Write out exactly the lines below starting at the one containing "- Power Lift" and ending at the one containing "ジャパンモビリティショーでは". Omit every picture.

**Given records**
──────
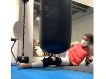 床に寝た状態で蹴りを繰り出す(『ぱんチャンネル_ぱんちゃん璃奈』)
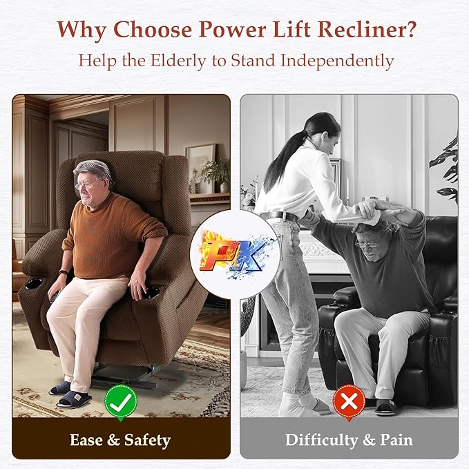 - Power Lift Assist: Our lift chairs is designed for the comfort and well-being of the elderly, disabled, recovering. It lifts to a near-standing position with a smooth and steady motion, reducing strain on muscles and joints. More than just a power lift recliner, it enhances independence
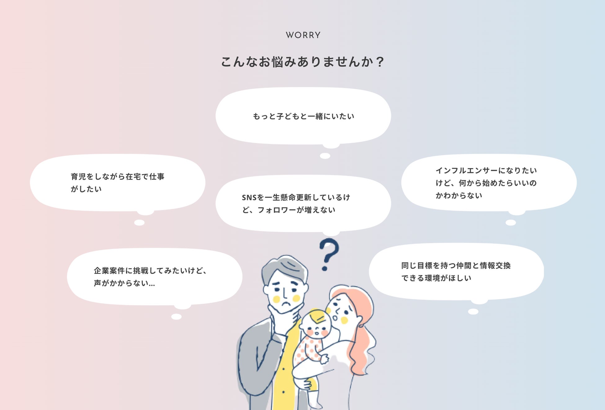育児をしながら新しい働き方にチャレンジしたいママたちに向けて、インフルエンサーとしての実践的なスキル育成と実際の仕事の機会、ママたちのコミュニティーの場を提供してまいります。
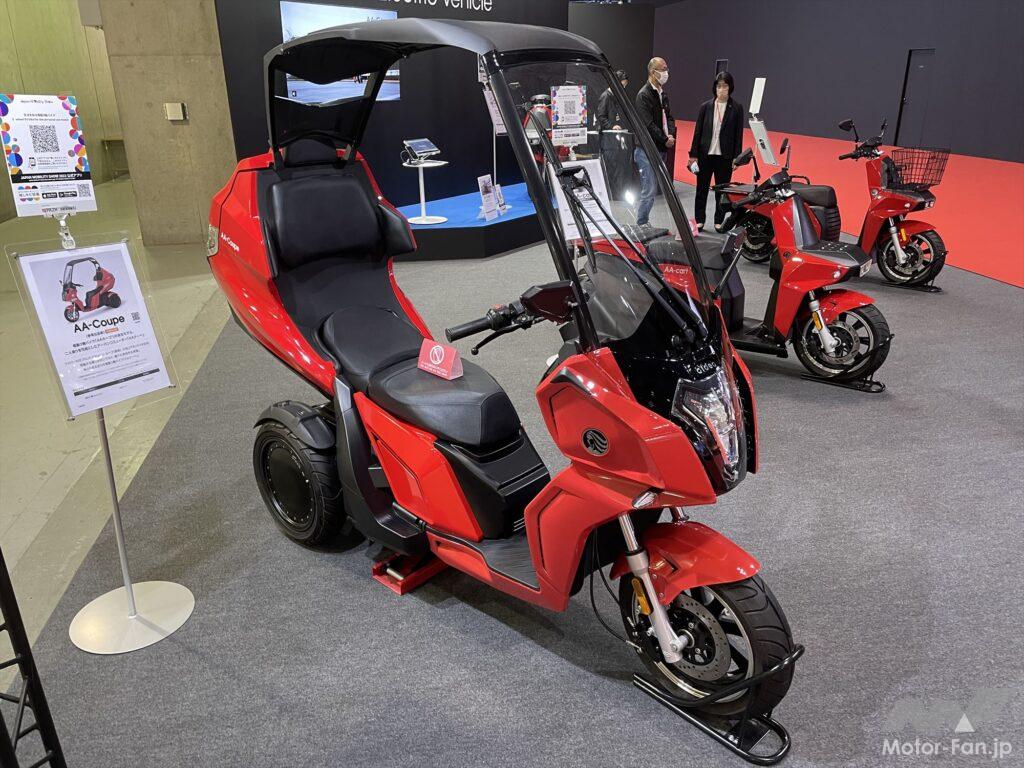 ジャパンモビリティショーではアイディアブースでは、3車種、5バリエーションの電動バイクを展示。そのうち3輪モデルのAAカート(荷台水平タイプ)と屋根がついたAAクーペは、公の場に出てくるのは初めてのモデルだ。
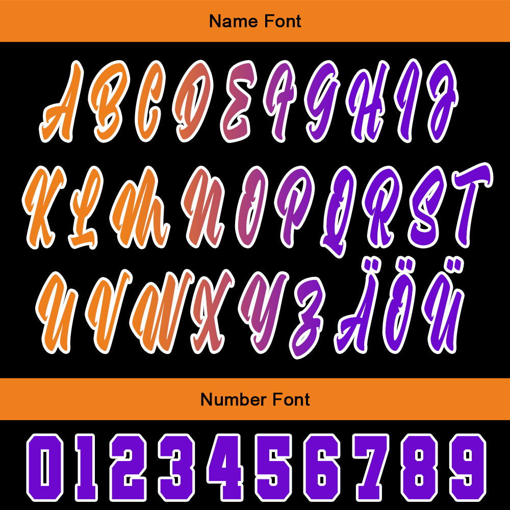 Benutzerdefiniert Orange Lila Personalisierter Baseball Jersey mit Farbverlauf Team Uniform mit Namen und Nummer
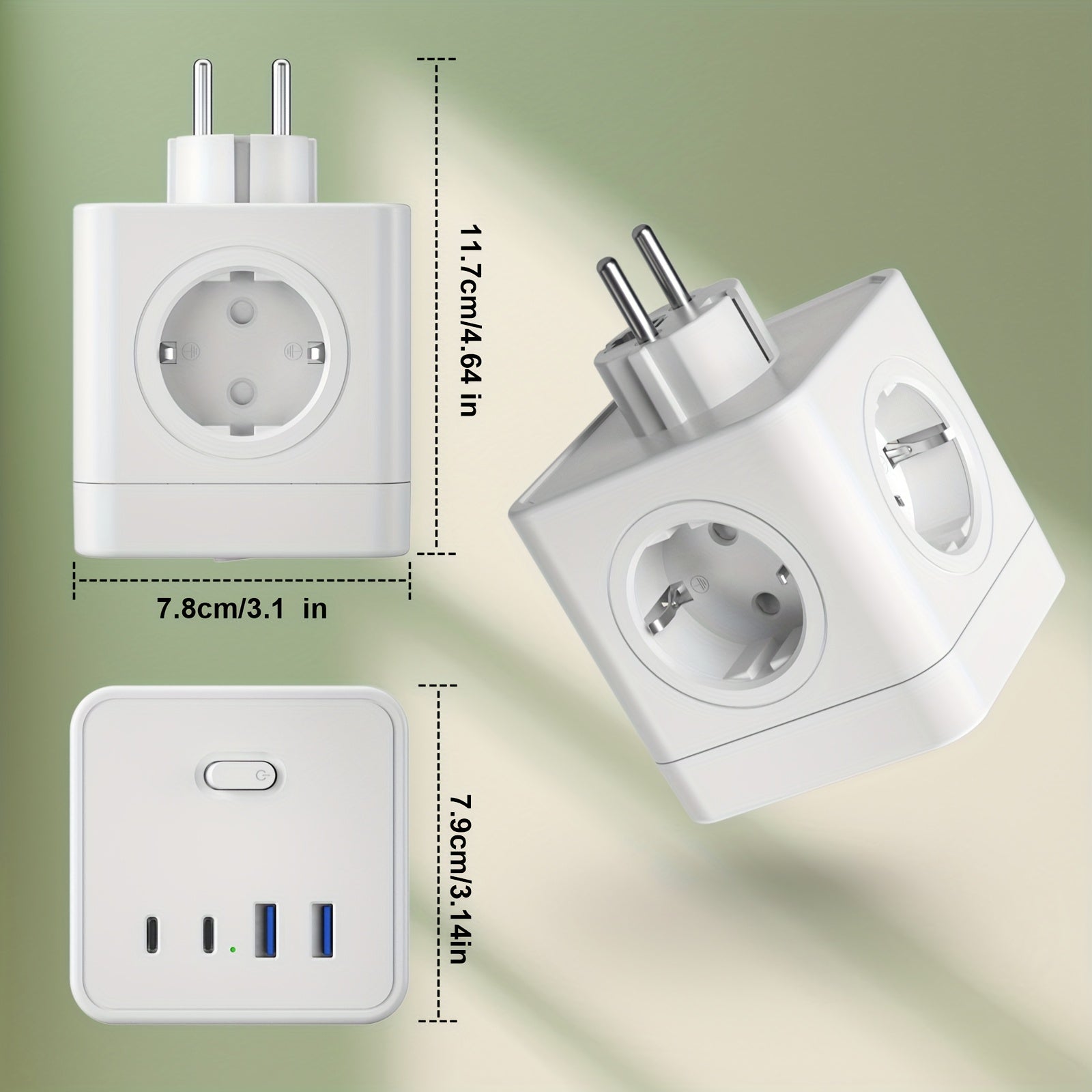 5-in-1 Portable Power Socket Adapter - 4000W Large Capacity, Compact Cube Design with 4 USB Ports & 2 AC Outlets, European Plug, On/Off Switch for Home & Office Appliances, White, Power Adapter for Electronics, Versatile Char
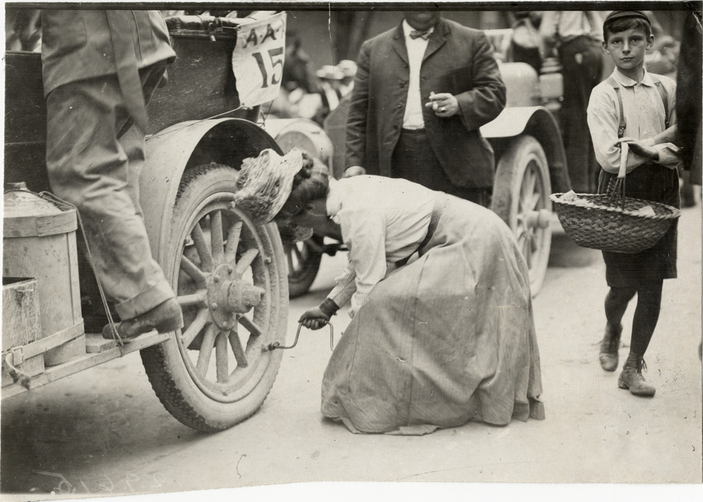 View of Joan Cuneo fixing tire on Rainier car no. 15 during the 1908 Glidden Tour. Boy holding basket stands on right. Handwritten on back: "Joan Cuneo. Tours--Glidden Tour, 1908."
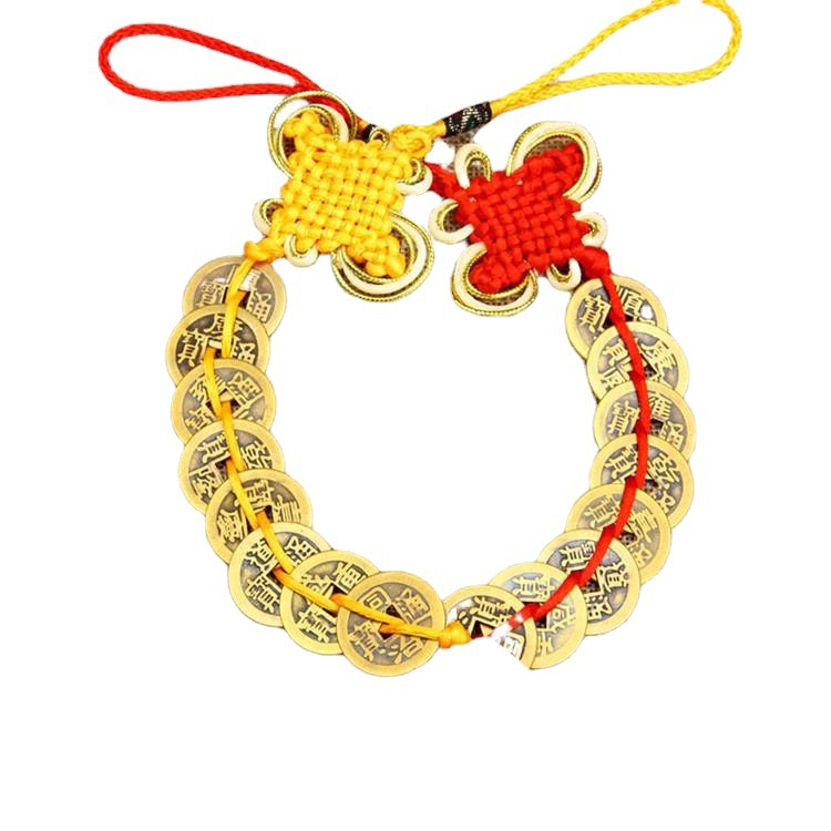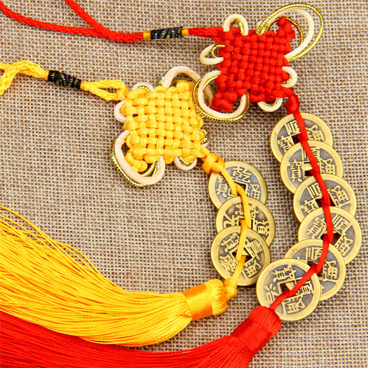 黄铜五帝钱红色中国结 十帝铜钱挂件 家居装饰礼品工艺品
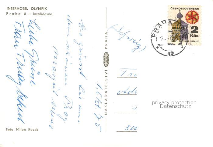 13316896 old postcard Praha Prahy Prague Interhotel Olympik Tagungsraum Foyer Bar postalisch gelaufen Erhaltung siehe scans [WerneD78] KatCode: 11520
──────
**Result of this task**
 - Power Lift Assist: Our lift chairs is designed for the comfort and well-being of the elderly, disabled, recovering. It lifts to a near-standing position with a smooth and steady motion, reducing strain on muscles and joints. More than just a power lift recliner, it enhances independence
育児をしながら新しい働き方にチャレンジしたいママたちに向けて、インフルエンサーとしての実践的なスキル育成と実際の仕事の機会、ママたちのコミュニティーの場を提供してまいります。
 ジャパンモビリティショーではアイディアブースでは、3車種、5バリエーションの電動バイクを展示。そのうち3輪モデルのAAカート(荷台水平タイプ)と屋根がついたAAクーペは、公の場に出てくるのは初めてのモデルだ。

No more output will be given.